╭─ TASK INPUTS

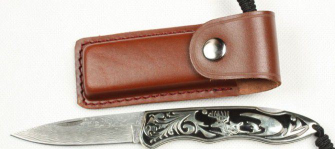 全 长: 19.7cm 刃 长: 8.5cm 刃 宽: 2.cm(最宽处) 闭 合: 11cm 刃 材: 进口大马士革钢 硬 度: 59 表 面: 大马士革钢特有的花纹原色 刃 厚: 0.29cm 柄 材: 白铜 重 量: 125克 锁 闭: 传统式制尾锁 其 他: 刃口锋利,配皮套 大马士革钢花纹和把手木纹及颜色各异,以实物为准
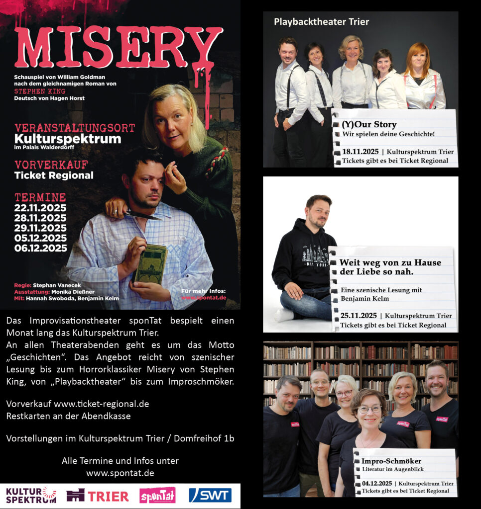Alle Aufführungen finden im Kasino Kornmarkt Trier statt. Einlass jeweils ab 18.30 Uhr, Beginn um 19.30 Uhr. Die Karten kosten 15,00 Euro und können über info@spontat.de reserviert werden.
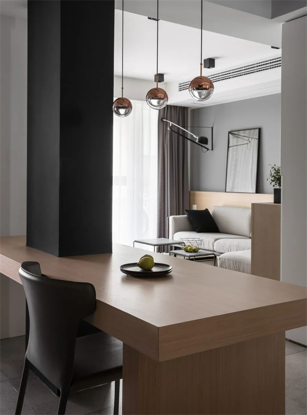 黑、白、灰的裝飾元素在餐廳中得到了精致展現(xiàn)。白色的墻面與灰色地磚組合,簡約高級的原木餐桌搭配深灰色皮質(zhì)餐椅,呈現(xiàn)出現(xiàn)代感與溫馨感的完美平衡。
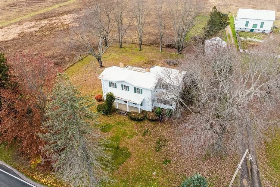 The farmhouse dates to 1870 and provides four bedrooms across two finished levels. All bedrooms sit upstairs, therefore daily living remains organized and practical. The main level includes a kitchen, formal dining room, and living room with dual chimneys. Also, a two-car attached garage adds everyday convenience. Updated mechanical systems include a newer gas furnace, central air, and strong electrical capacity. Because utilities already serve the home, ownership focuses on use rather than upgrades.
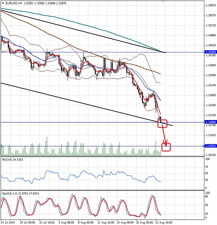 Пара торгуется в нижней границе полос Боллинджера, между SМА 5 и 21, оставаясь в краткосрочном нисходящем тренде. Прорыв уровня 1.3285 будет способствовать ее дальнейшему снижению к 1.3100. Индикаторы RSI и Stoch находятся в зоне перепроданности.
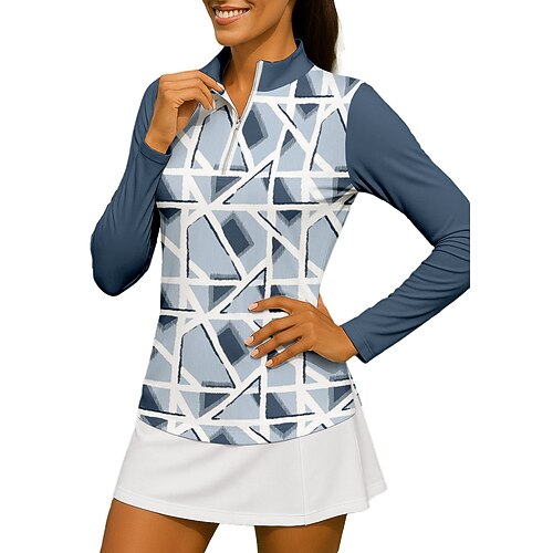 Per donna Geometrico Maglietta Maglietta sportiva Polo da golf Maglia da tennis Manica Lunga Cerniera Floreale UPF50 Resistente ai Raggi UV Alta elasticità Traspirante Tennis Golf Pickleball Collo
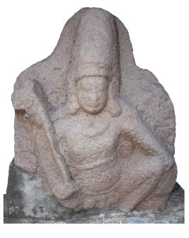 | Description / विवरण | A seated image of Chandisvara or Lakulisa holding staff. He wears jatamakuta and long flowing kundalas in the ears. Necklace and Udarabandha are faintly seen. Right hand holds a staff while the left hand rests on the knee. |
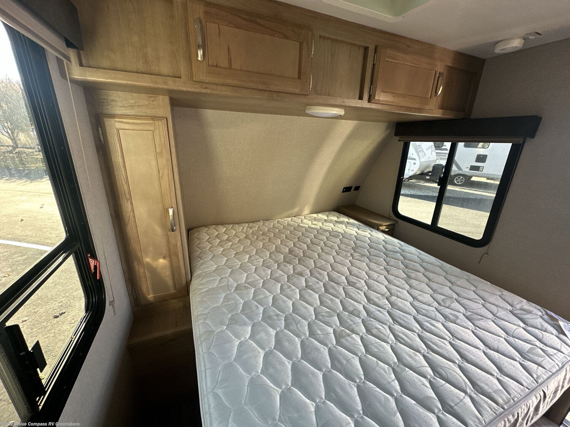 As you enter this travel trailer, along the front there is a queen bed with overhead storage. On one side of the bed there is a wardrobe, and the other side has a nightstand.

╰─

### TASK TO CARRY OUT
Word for word, write out the lines above running from the one with "The farmhouse dates" up to and including the one with "Per donna Geometrico". Drop any picture.

### RESPONSE TO THIS TASK
 The farmhouse dates to 1870 and provides four bedrooms across two finished levels. All bedrooms sit upstairs, therefore daily living remains organized and practical. The main level includes a kitchen, formal dining room, and living room with dual chimneys. Also, a two-car attached garage adds everyday convenience. Updated mechanical systems include a newer gas furnace, central air, and strong electrical capacity. Because utilities already serve the home, ownership focuses on use rather than upgrades.
 Пара торгуется в нижней границе полос Боллинджера, между SМА 5 и 21, оставаясь в краткосрочном нисходящем тренде. Прорыв уровня 1.3285 будет способствовать ее дальнейшему снижению к 1.3100. Индикаторы RSI и Stoch находятся в зоне перепроданности.
 Per donna Geometrico Maglietta Maglietta sportiva Polo da golf Maglia da tennis Manica Lunga Cerniera Floreale UPF50 Resistente ai Raggi UV Alta elasticità Traspirante Tennis Golf Pickleball Collo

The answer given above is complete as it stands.